Tam spotkała się z zaskakującą reakcją lekarzy. - Po kilku godzinach różnych badań i obserwacji, dziecku włożono rękę w gips - mówi Grzegorz. Dodaje, że matka chłopca, Kasia, została potraktowana niegrzecznie. - Co ty tu kobieto robisz, powiedzieli. Byłaś dzień wcześniej, zawracasz głowę, pewnie sama mu uszkodziłaś rączkę podczas ubierania - opowiada.
- A jedno proste badanie wystarczyłoby, żeby chłopiec został w szpitalu - mówi portalowi Gazeta.pl dr Minkiewicz. - Choć oczywiście nie da się odpowiedzieć na pytanie, jak wtedy skończyłaby się ta sytuacja - dodaje.
W środę rano Bolesław próbował jeszcze się bawić, ale później sytuacja znów się pogorszyła. - Zadzwoniliśmy do dr. Minkiewicza, który przyjechał i orzekł, że dziecko musi być w szpitalu. I żebyśmy się nie dali spławić. Mówił, że nie rozumie, dlaczego szpital dotąd dziecka nie przyjął - relacjonuje Grzegorz. Lekarz po raz trzeci wypisał skierowanie do szpitala. - Zachowywał się jak człowiek, okazywał troskę - mówi ojciec chłopca.
Rodzice postanowili na własną rękę, w prywatnym gabinecie, zbadać dziecku krew - zdaniem dr. Minkiewicza konieczna była morfologia, której w szpitalu, mimo jego zaleceń, nie wykonano. Kilka godzin po badaniu do lekarza rodziny zadzwonił ktoś z laboratorium z informacją, że sytuacja jest dramatyczna. Minkiewicz powiadomił rodzinę, która natychmiast, po raz trzeci, zabrała syna do szpitala.
- Przyjeżdżamy do szpitala, mówimy, że dziecko było już dwa razy i przekonywali nas, że nic się nie stało. Lekarz zaczął mówić, żebyśmy byli spokojni, kazał mi dawać papiery, przepytywać mnie - mówi Grzegorz Kozikowski.

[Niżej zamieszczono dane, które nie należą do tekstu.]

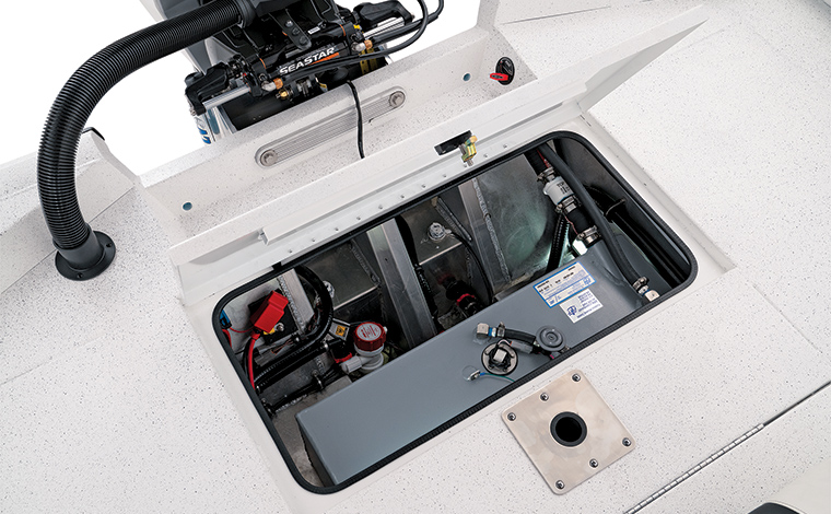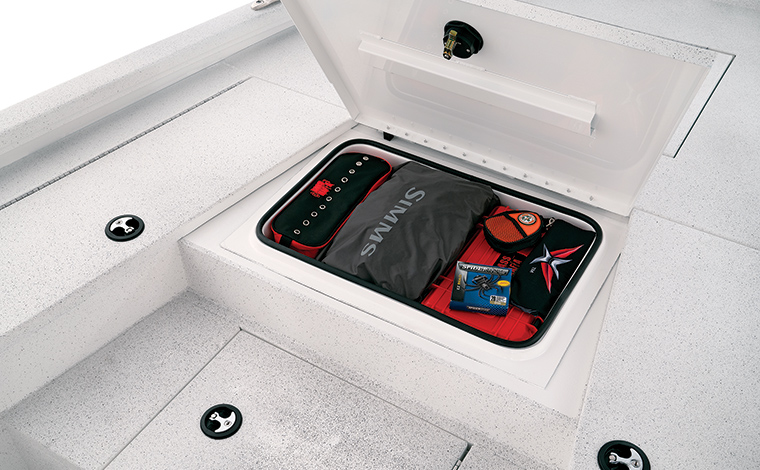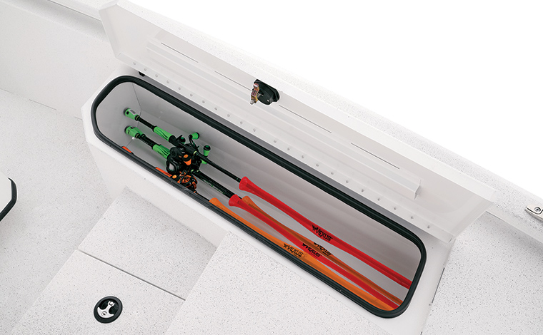 2つの8.5フィートのロッドボックス、ビルトインステップクーラーに加え、大きな鍵付きのストレージなど、船内のいたるところに収納スペースを備え付けられています。リアストレージは開口部も内部も広い設計です。
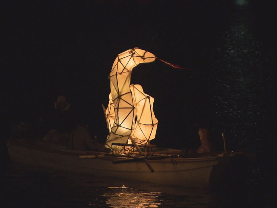 干支の船を先頭に行灯を載せた船がゆっくりと進みます。

W pewnym momencie ojcu skończyła się cierpliwość. - Mówię: K***a, co tu się dzieje, dziecku usta robią się sine, a ten chce ze mną dyskutować. On wtedy rzuca długopis i mówi, że nie pozwoli, by tu ktoś na niego głos podnosił i wezwał do mnie policję - relacjonuje.

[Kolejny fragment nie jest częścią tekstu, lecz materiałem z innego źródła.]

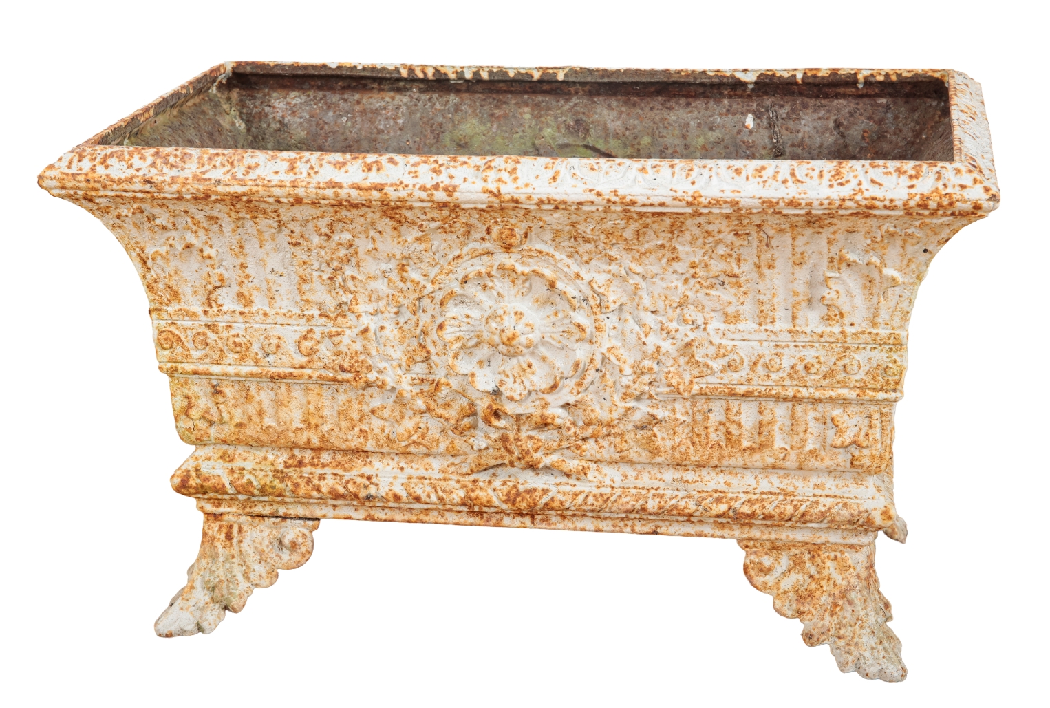 A PAIR OF WHITE PAINTED CAST IRON PLANTERS

Policja przyjechała, spisała ojca i odjechała, bo w międzyczasie ktoś zauważył chłopca na korytarzu szpitala i zobaczył, w jakim jest stanie. - Zrobił się ogromny krzyk, ściąganie innych lekarzy - mówi Grzegorz. Niestety, Bolesław zapadł w śpiączkę, z której do dziś się nie obudził. - Mój syn jest w tragicznym stanie, lekarze mówią o śmierci mózgu - mówi Grzegorz. Okazało się, że chłopiec cierpi na białaczkę szpikową.
Rodzice nie zgadzają się na odłączenie syna od aparatury podtrzymującej życie.
Co na to szpital? Po kilku próbach udało nam się skontaktować z dyrektorem placówki Januszem Pomaskim. - Nie dopatruję się żadnych zaniedbań ze strony moich pracowników. Lekarze nikogo nie zbywali - powiedział. - W niektórych szpitalach tak jest. U nas dziecko było badane - dodał.
Dyrektor podkreślił, że w jego ocenie nawet zrobienie badań morfologii krwi w poniedziałek, gdy rodzice po raz pierwszy przyprowadzili Bolesława do szpitala, mogłoby nie zapobiec tragedii.
- Sprawa jest badana przez prokuraturę. Zajmuje się nią również szpitalny zespół ds. zdarzeń niepożądanych. Wszystko będzie wyjaśnione - mówi Pomaski. - Nie mamy nic do ukrycia.